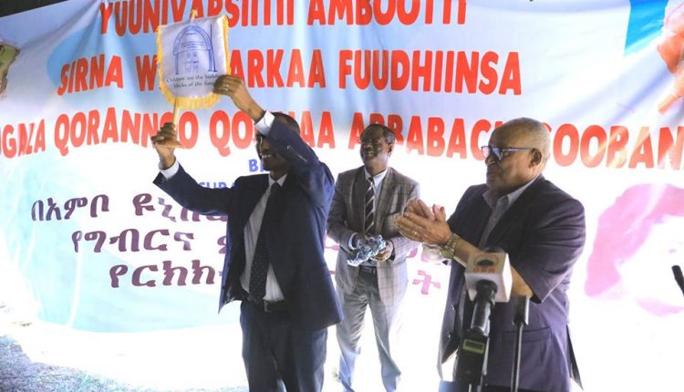 Daayrektarri Waldichaa Obbo Isheetuu Araddaa bakka hoggantoonni federaalaa, naannoo fi godina jiranitti Preezdaantii Yuunivarsitii Amboo Dooktar Taaddasaa Qana’aaf dabarsanii kennaniiru.
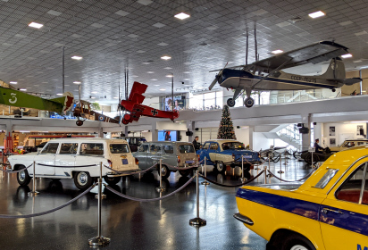 На выставке собрано более 100 единиц техники: от винтажных велосипедов XVII века до культовых автомобилей и самолётов XX века.
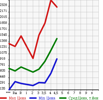 Таблица дана для самой общей оценки уровней цен на рынке. Для более точной оценки используйте таблицы расчетов по типу кузова или модификаций. Расчет "Средней цены 10% самых дешевых" и других дополнительных данных производится при наличии количества статистических данных лотов более 30
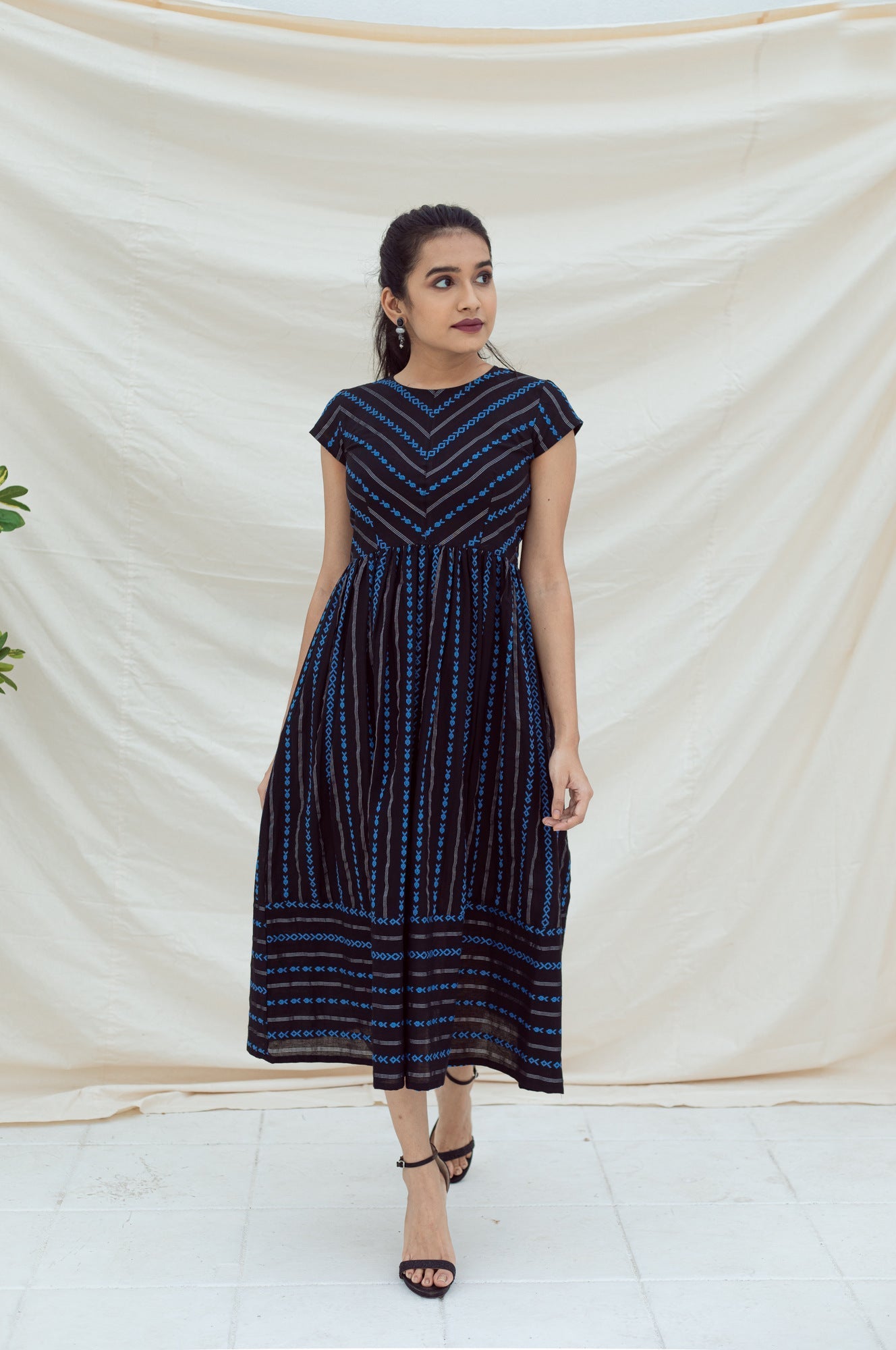 Black handloom dress with woven fish motifs in blue. A super comfortable, smart, and casual outfit.
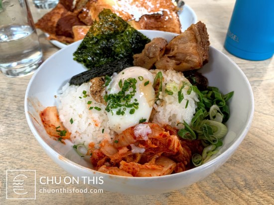 Tooele Farms pork belly, house kimchi, scallions, bonito flakes, nori, and a sous vide egg, served over white rice.
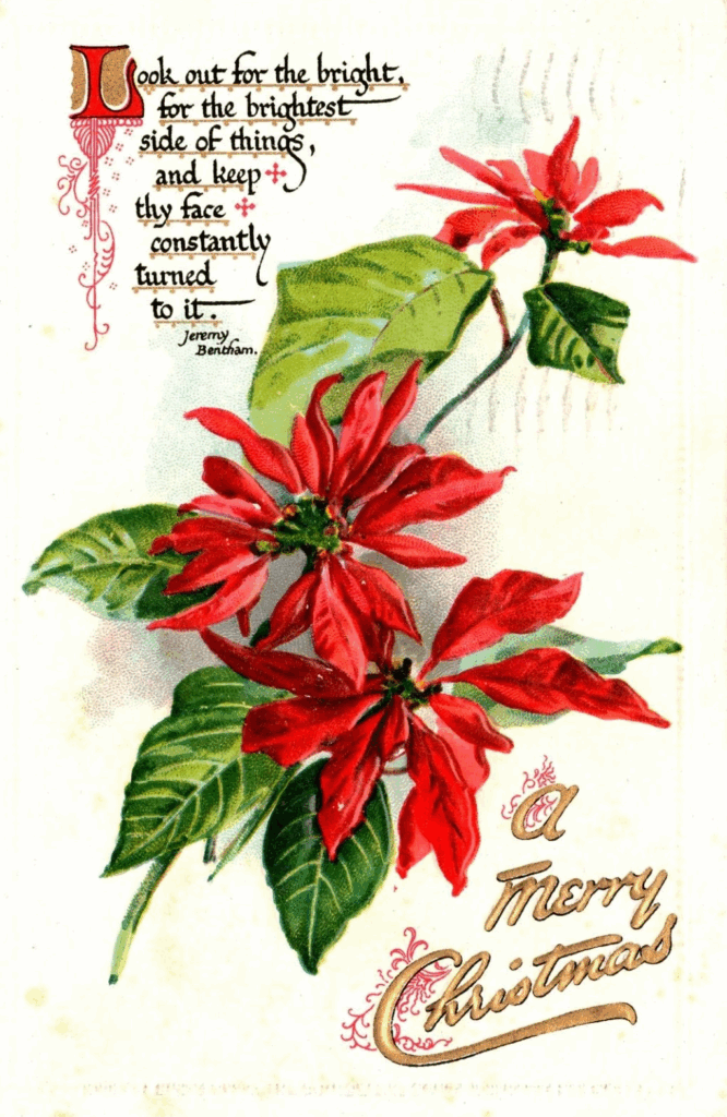 Cette carte présente des poinsettias lumineux sur un fond aux couleurs douces. Le nom de Raphael Tuck donne du poids aux collectionneurs qui se concentrent sur la production de cette entreprise. Les poinsettias étaient des fleurs de vacances populaires et cette carte les montre en pleine floraison. Des exemplaires en excellent état peuvent se vendre entre 50 et 120 dollars. Le thème des fleurs et des rubans semble classique pour ceux qui aiment l’art des fêtes à l’ancienne.
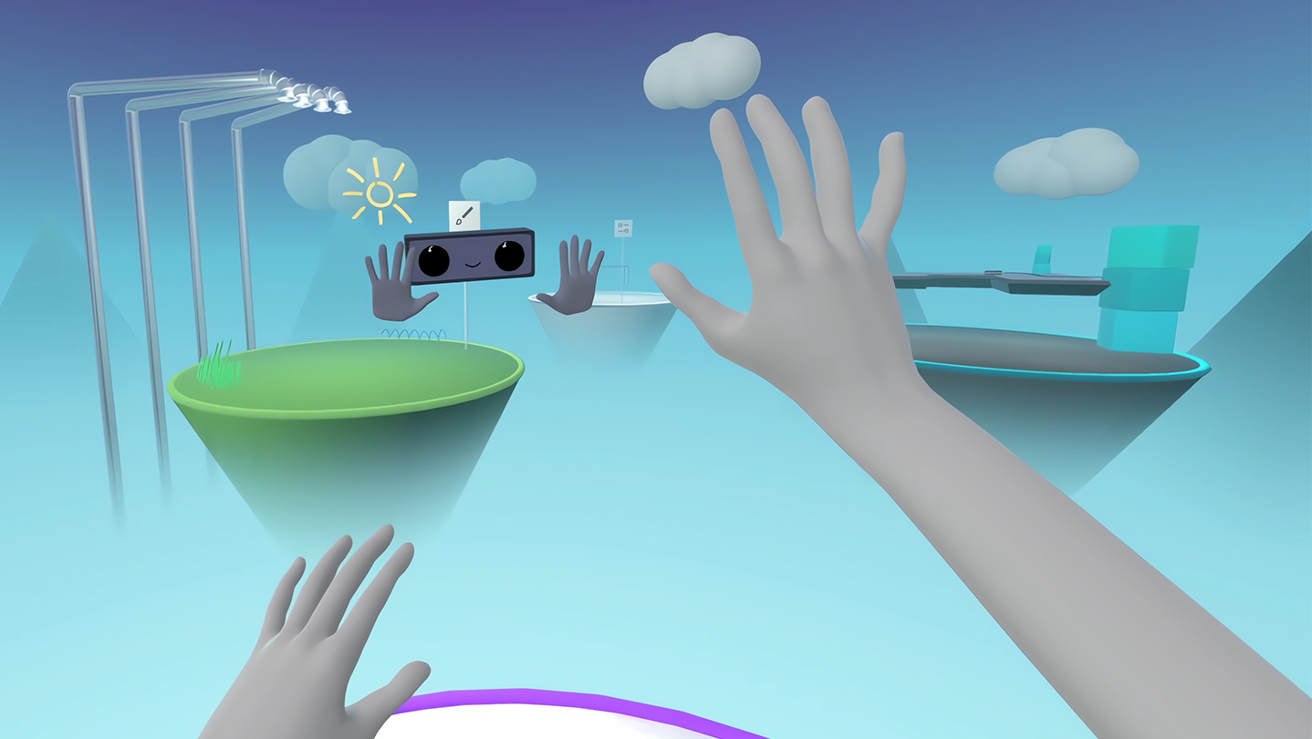 Aurora is a virtual space created by Ultraleap – it contains islands where each hosts a different experience for you to explore. Follow our tutorials which will show you how to navigate around the space without having to physically move yourself, and learn how to use your hands by imitating our ghost hands.
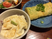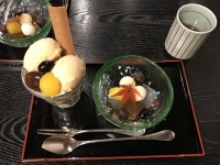 写真:トラベルライター |  写真:トラベルライター (左)とろゆばごはん(600円) |  写真:トラベルライター きなこパフェ&あんみつのセット(1,000円) |
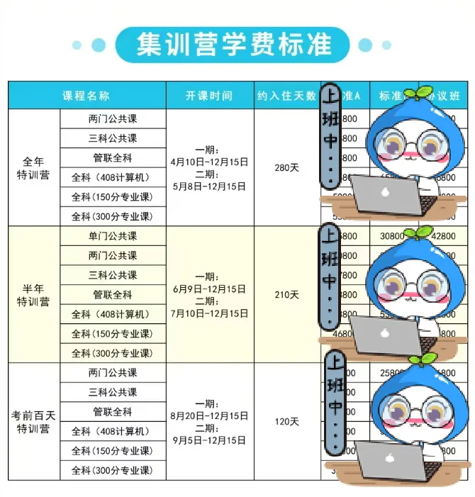 二战集训营按照培训时间以及科目进行收费,开设全年集训营、半年集训营、百天集训营;单科集训、全科集训等。
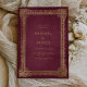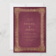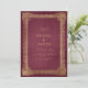 Este elegante convite de casamento apresenta uma imagem de ouro vintage em um fundo vermelho angustiado na imitação de um antigo cobrir de livro. Personalize o texto dourado com seus nomes e detalhes de casamento. O design de quadro é repetido na parte traseira da placa.
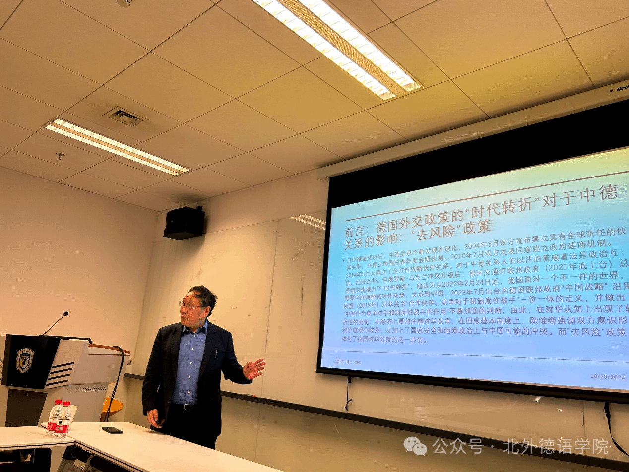 2024年10月28日,对外经济贸易大学外语学院史世伟教授应邀来到365完美体育作题为“德国对外政策的‘时代转折’对中德关系的影响”的主题学术讲座,本次活动系365完美体育人文社科通识系列讲座第11讲。讲座由365完美体育副院长寇蔻主持。
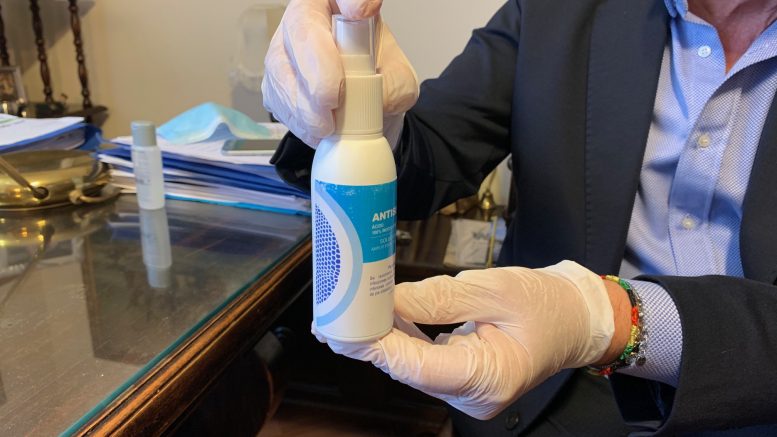 “La particolarità di questo prodotto sta nella sua bivalenza – spiega Berghella mentre utilizza lo spray sulla sua bocca, sul naso e negli occhi – ovvero non è in alcun modo nocivo per il corpo umano. Si tratta di certificare scientificamente la sua efficacia nel tempo che in teoria non dovrebbe essere inferiore alle 5 ore e non superiore alle 8. Questo significa che basterebbe uno spray per dotarci di una sorta di “scudo” che ci tiene a riparo da virus e batteri e tornare così alla vita di tutti i giorni.”
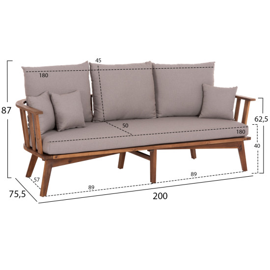 Σετ σαλονι εξωτ.χωρου 4tmx harra hm6236 ξυλο ακακιασ φυσικο--μαξιλαρια γκρι **
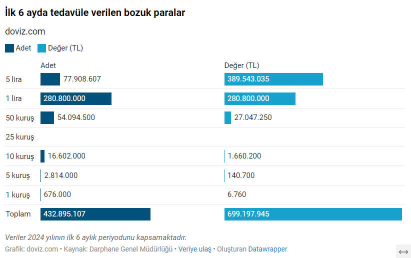 Darphane verilerine göre 2024 yılının ilk altı ayında Türk halkının cebine 699 milyon 197 bin 945 liralık bozuk para girdi. Yılın ilk yarısında 25 kuruş üretimi askıya alınırken, bu dönemde madeni paralardan en çok 1 lira tedavüle verildi. Darphane ve Damga Matbaası Genel Müdürlüğü verilerinden derlenen bilgilere göre, 6 aylık dönemde tedavüle verilen madeni para miktarı 432 milyon 895 bin 107 adet oldu. Piyasaya sunulan bozuk paraların değeri ise 699 milyon 197 bin 945 lira olarak hesaplandı. Altı aylık dönemde 77 milyon 908 bin 607 adet 5 lira, 280 milyon 800 bin adet 1 lira, 54 milyon 94 bin 500 adet 50 kuruş, 16 milyon 602 bin adet 10 kuruş, 2 milyon 814 bin adet 5 kuruş ve 676 bin adet 1 kuruş dolaşıma sunuldu. En çok tedavüle verilen bozuk para 1 lira olurken, 6 aylık süreçte 25 kuruş dolaşıma sokulmadı. [news_id:735676] Cepte en fazla 1 lira bulunuyor TL'den "yeni" ibaresi kaldırıldıktan sonra 1 Ocak 2009'dan bu yana tedavüle sokulan madeni paralara bakıldığında, vatandaşın cebinde 4 milyar 4 milyon 815 bin 610 adetle en fazla 1 lira bulunuyor. Geçen yılın aralık ayında hatıra parası olarak Darphane tarafından tedavüle çıkarılan ve haziran ayında tedavüle çıkarılmasına ilişkin tebliğ yayımlanan 5 liraların sayısı ise 99 milyon 689 bin 807 ile piyasadaki en az bulunan bozuk para oldu. 2009'dan bu yana cepte taşınan bozuk para miktarı 12 milyar 640 milyon 75 bin 976'ya yükselirken, nüfusu yaklaşık 85,3 milyon olan Türkiye'de kişi başına ortalama 148 adet bozuk para düşüyor. [news_id:675236]
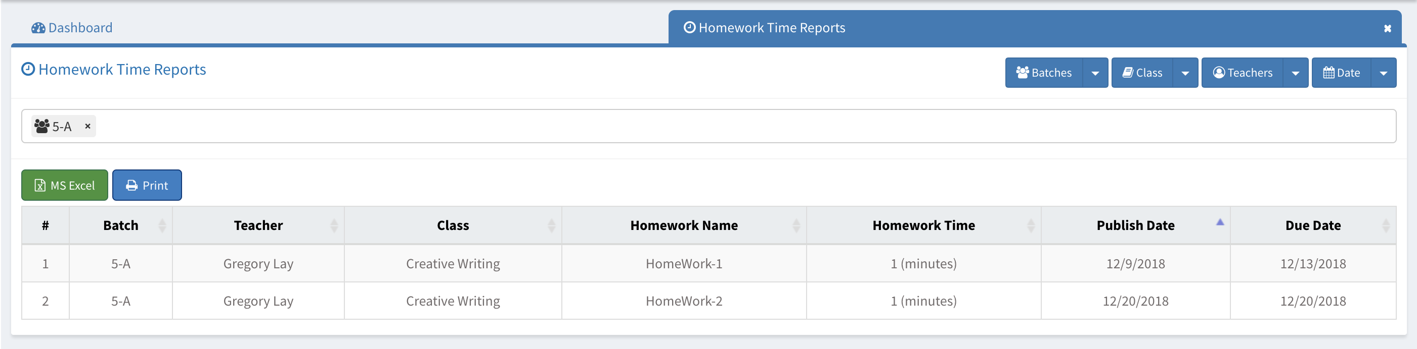 Homework time reports allow you to be able to see the students homework time status, dates for due and publish.
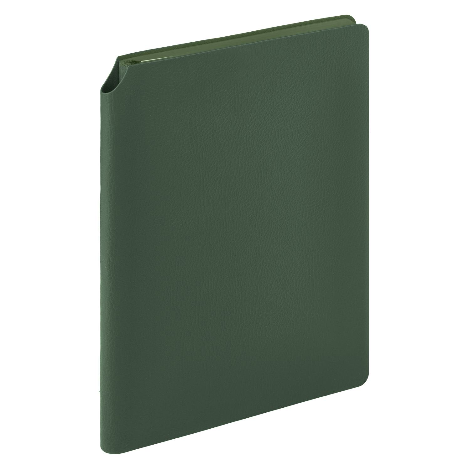 Недатированный ежедневник в гибкой обложке из качественной искусственной кожи. Материал обложки матовый, текстурированный,с некрупным рельефом под натуральную кожу. Скругленные углы обложки и внутреннего блока. Отличительная особенность коллекции — в верхнем углу на корешке расположен держатель для ручки. Форзац, нахзац и срез - в цвет обложки. Одинарное атласноеляссе 6 мм в цвет обложки.

· · · · ·

**What you are asked to do:**
In full and without changes, repeat the listing above, but not its pictures.

**Response to this exercise:**
 Daayrektarri Waldichaa Obbo Isheetuu Araddaa bakka hoggantoonni federaalaa, naannoo fi godina jiranitti Preezdaantii Yuunivarsitii Amboo Dooktar Taaddasaa Qana’aaf dabarsanii kennaniiru.
 На выставке собрано более 100 единиц техники: от винтажных велосипедов XVII века до культовых автомобилей и самолётов XX века.
 Таблица дана для самой общей оценки уровней цен на рынке. Для более точной оценки используйте таблицы расчетов по типу кузова или модификаций. Расчет "Средней цены 10% самых дешевых" и других дополнительных данных производится при наличии количества статистических данных лотов более 30
 Black handloom dress with woven fish motifs in blue. A super comfortable, smart, and casual outfit.
 Tooele Farms pork belly, house kimchi, scallions, bonito flakes, nori, and a sous vide egg, served over white rice.
 Cette carte présente des poinsettias lumineux sur un fond aux couleurs douces. Le nom de Raphael Tuck donne du poids aux collectionneurs qui se concentrent sur la production de cette entreprise. Les poinsettias étaient des fleurs de vacances populaires et cette carte les montre en pleine floraison. Des exemplaires en excellent état peuvent se vendre entre 50 et 120 dollars. Le thème des fleurs et des rubans semble classique pour ceux qui aiment l’art des fêtes à l’ancienne.
 Aurora is a virtual space created by Ultraleap – it contains islands where each hosts a different experience for you to explore. Follow our tutorials which will show you how to navigate around the space without having to physically move yourself, and learn how to use your hands by imitating our ghost hands.
 写真:トラベルライター |  写真:トラベルライター (左)とろゆばごはん(600円) |  写真:トラベルライター きなこパフェ&あんみつのセット(1,000円) |
 二战集训营按照培训时间以及科目进行收费,开设全年集训营、半年集训营、百天集训营;单科集训、全科集训等。
 Este elegante convite de casamento apresenta uma imagem de ouro vintage em um fundo vermelho angustiado na imitação de um antigo cobrir de livro. Personalize o texto dourado com seus nomes e detalhes de casamento. O design de quadro é repetido na parte traseira da placa.
 2024年10月28日,对外经济贸易大学外语学院史世伟教授应邀来到365完美体育作题为“德国对外政策的‘时代转折’对中德关系的影响”的主题学术讲座,本次活动系365完美体育人文社科通识系列讲座第11讲。讲座由365完美体育副院长寇蔻主持。
 “La particolarità di questo prodotto sta nella sua bivalenza – spiega Berghella mentre utilizza lo spray sulla sua bocca, sul naso e negli occhi – ovvero non è in alcun modo nocivo per il corpo umano. Si tratta di certificare scientificamente la sua efficacia nel tempo che in teoria non dovrebbe essere inferiore alle 5 ore e non superiore alle 8. Questo significa che basterebbe uno spray per dotarci di una sorta di “scudo” che ci tiene a riparo da virus e batteri e tornare così alla vita di tutti i giorni.”
 Σετ σαλονι εξωτ.χωρου 4tmx harra hm6236 ξυλο ακακιασ φυσικο--μαξιλαρια γκρι **
 Darphane verilerine göre 2024 yılının ilk altı ayında Türk halkının cebine 699 milyon 197 bin 945 liralık bozuk para girdi. Yılın ilk yarısında 25 kuruş üretimi askıya alınırken, bu dönemde madeni paralardan en çok 1 lira tedavüle verildi. Darphane ve Damga Matbaası Genel Müdürlüğü verilerinden derlenen bilgilere göre, 6 aylık dönemde tedavüle verilen madeni para miktarı 432 milyon 895 bin 107 adet oldu. Piyasaya sunulan bozuk paraların değeri ise 699 milyon 197 bin 945 lira olarak hesaplandı. Altı aylık dönemde 77 milyon 908 bin 607 adet 5 lira, 280 milyon 800 bin adet 1 lira, 54 milyon 94 bin 500 adet 50 kuruş, 16 milyon 602 bin adet 10 kuruş, 2 milyon 814 bin adet 5 kuruş ve 676 bin adet 1 kuruş dolaşıma sunuldu. En çok tedavüle verilen bozuk para 1 lira olurken, 6 aylık süreçte 25 kuruş dolaşıma sokulmadı. [news_id:735676] Cepte en fazla 1 lira bulunuyor TL'den "yeni" ibaresi kaldırıldıktan sonra 1 Ocak 2009'dan bu yana tedavüle sokulan madeni paralara bakıldığında, vatandaşın cebinde 4 milyar 4 milyon 815 bin 610 adetle en fazla 1 lira bulunuyor. Geçen yılın aralık ayında hatıra parası olarak Darphane tarafından tedavüle çıkarılan ve haziran ayında tedavüle çıkarılmasına ilişkin tebliğ yayımlanan 5 liraların sayısı ise 99 milyon 689 bin 807 ile piyasadaki en az bulunan bozuk para oldu. 2009'dan bu yana cepte taşınan bozuk para miktarı 12 milyar 640 milyon 75 bin 976'ya yükselirken, nüfusu yaklaşık 85,3 milyon olan Türkiye'de kişi başına ortalama 148 adet bozuk para düşüyor. [news_id:675236]
 Homework time reports allow you to be able to see the students homework time status, dates for due and publish.
 Недатированный ежедневник в гибкой обложке из качественной искусственной кожи. Материал обложки матовый, текстурированный,с некрупным рельефом под натуральную кожу. Скругленные углы обложки и внутреннего блока. Отличительная особенность коллекции — в верхнем углу на корешке расположен держатель для ручки. Форзац, нахзац и срез - в цвет обложки. Одинарное атласноеляссе 6 мм в цвет обложки.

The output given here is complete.